Vincenzo Colle, Mohamed Sana, Nicola Piovesan, Antonio De Domenico, Fadhel Ayed, Merouane Debbah

2025-06-15

TeleMath: A Benchmark for Large Language Models in Telecom Mathematical
  Problem Solving

Summary

This paper talks about TeleMath, a new test designed to check how well large language models can solve math problems specifically related to telecommunications. It shows that models made especially for math reasoning do better on these telecom problems than general models that handle a wide range of tasks.

What's the problem?

The problem is that large language models often struggle with specialized math problems in areas like telecommunications because these problems need specific kinds of knowledge and reasoning. General-purpose models aren’t trained deeply on such focused topics, so they don’t perform as well on telecom math tasks.

What's the solution?

The solution was to create TeleMath, a benchmark dataset full of telecom-related math problems that can be used to evaluate how well different language models solve these problems.
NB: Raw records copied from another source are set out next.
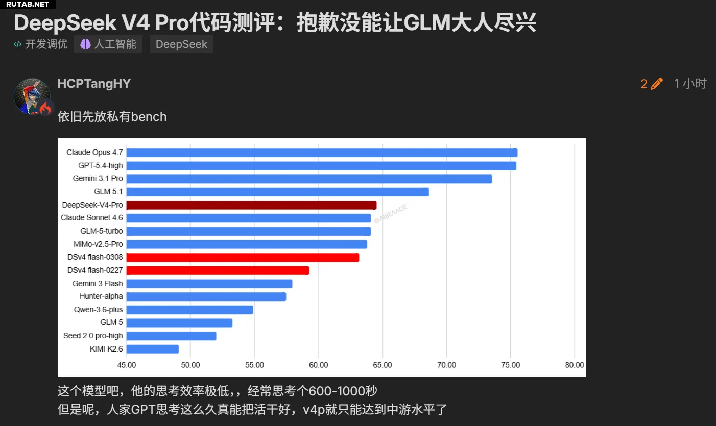 Пользователи из сообщества Linux.do провели собственное сравнение и пришли к выводу, что V4 Pro уступает даже GLM-5.1 и существенно отстаёт от топ-3. Таким образом, DeepSeek V4 действительно демонстрирует серьёзный прогресс в программировании, превосходя Sonnet 4.5 и приближаясь к Opus 4.6, но до его режима рассуждений ещё далеко.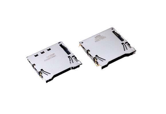 The card connectors are SD memory card sockets used in various markets and applications, from consumer electronics to industrial equipment. We offer two types of products, UHS-I and UHS-II compliant, with even higher transfer speeds. Each type comes in standard and reverse styles, and our unique double-sided metal shell structure provides unmatched robustness and high reliability.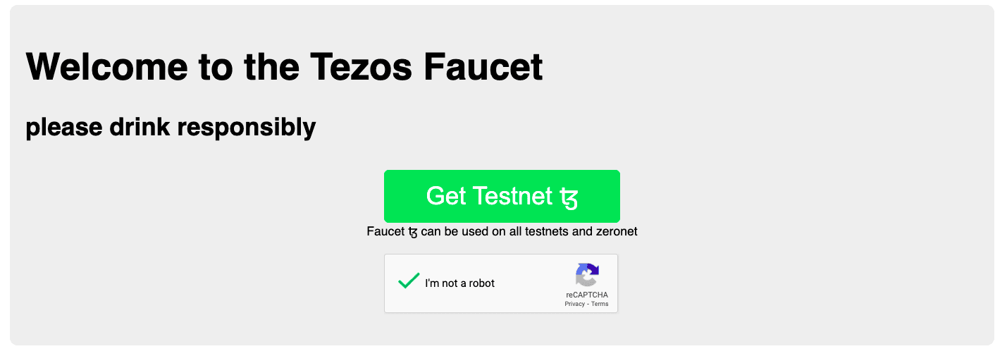 Чтобы не тратить настоящие tez, мы подключимся к Tezos Testnet. Сначала нужно получить адрес и тестовые tez на кране tzalpha. Перейдите по ссылке, подтвердите, что вы не робот, и нажмите кнопку Get Testnet tez.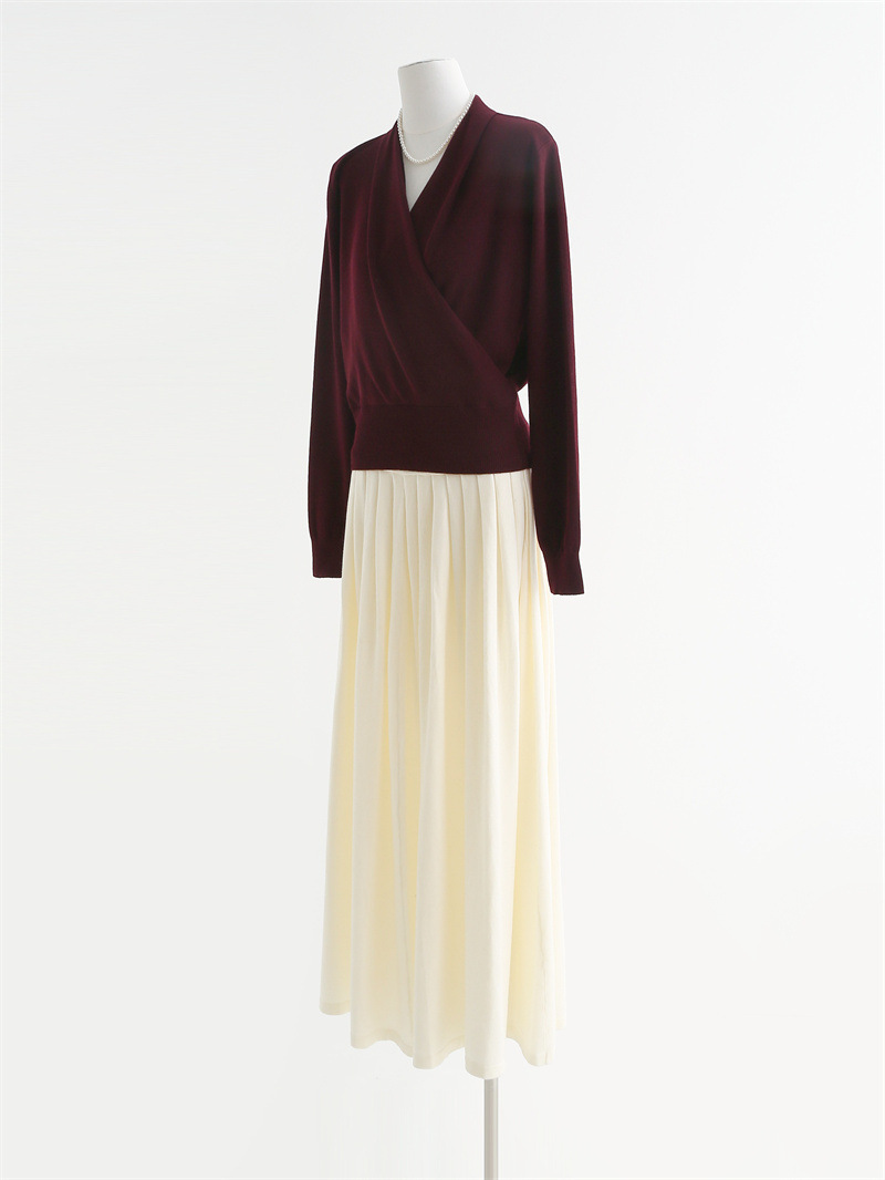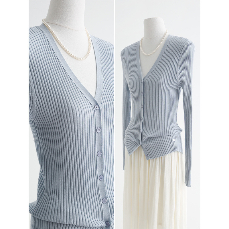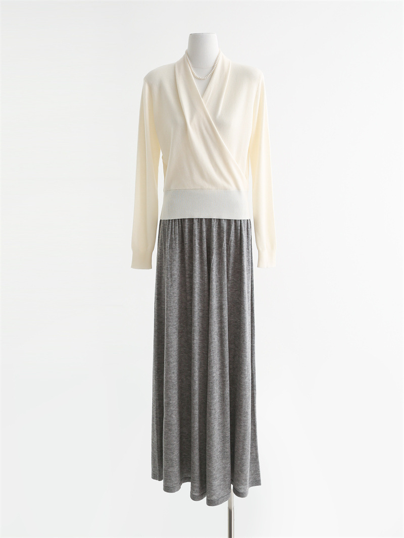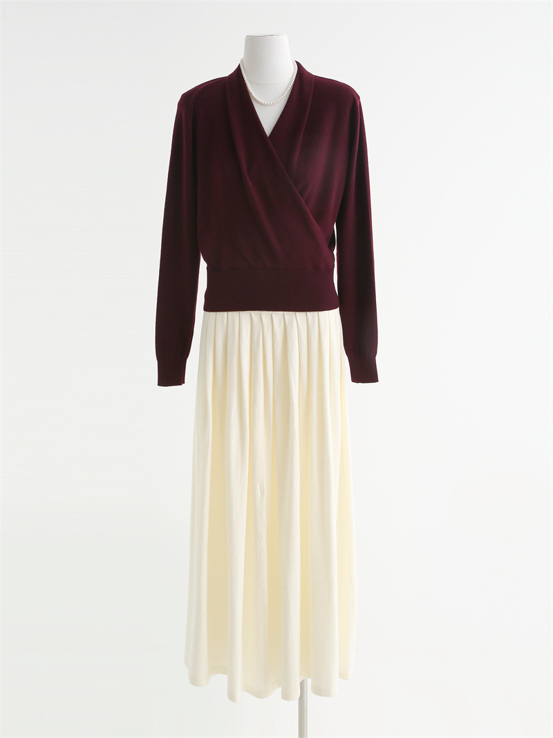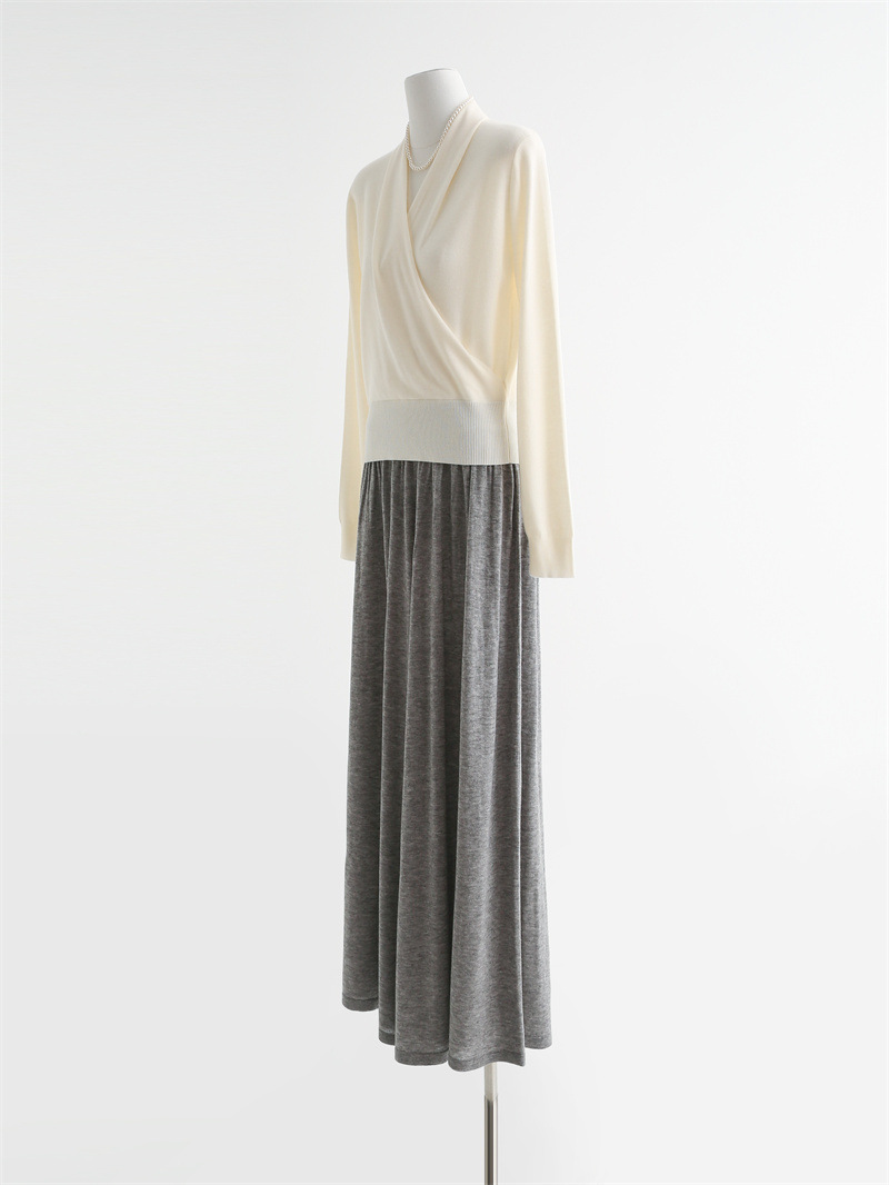款号:QT1-35320#交叉门禁V领长袖针织衫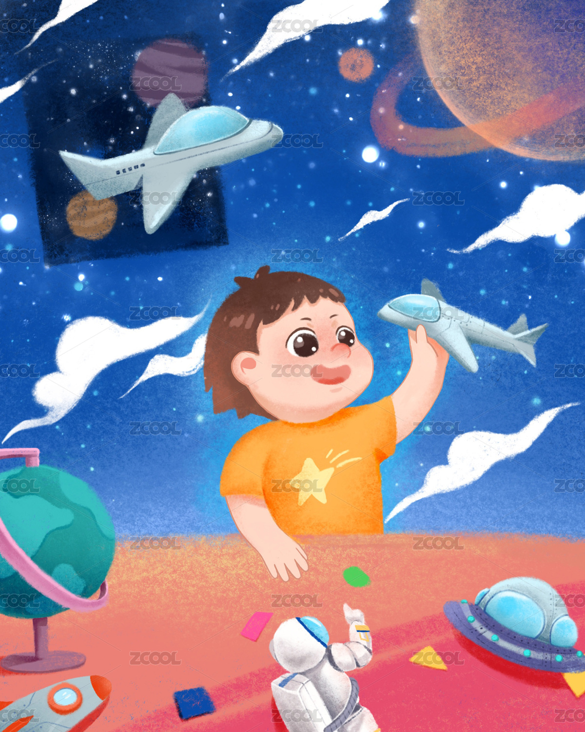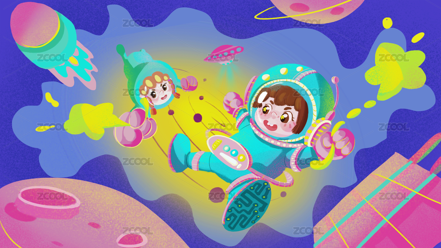 太空宇宙儿童节插画

The paper tested various models and found that those designed with strong math reasoning skills perform better on these telecom problems than the models used for general tasks.

Why it matters?

This matters because telecommunications is a complex field that relies on accurate math problem solving, and having AI models better at handling these challenges can help improve technologies like network design and signal processing. TeleMath helps researchers understand which AI models are best for telecom math problems and pushes development of smarter, more specialized AI tools.

Abstract

A benchmark dataset called TeleMath evaluates Large Language Models in domain-specific mathematical problems within telecommunications, showing that models designed for mathematical reasoning perform better than general-purpose models.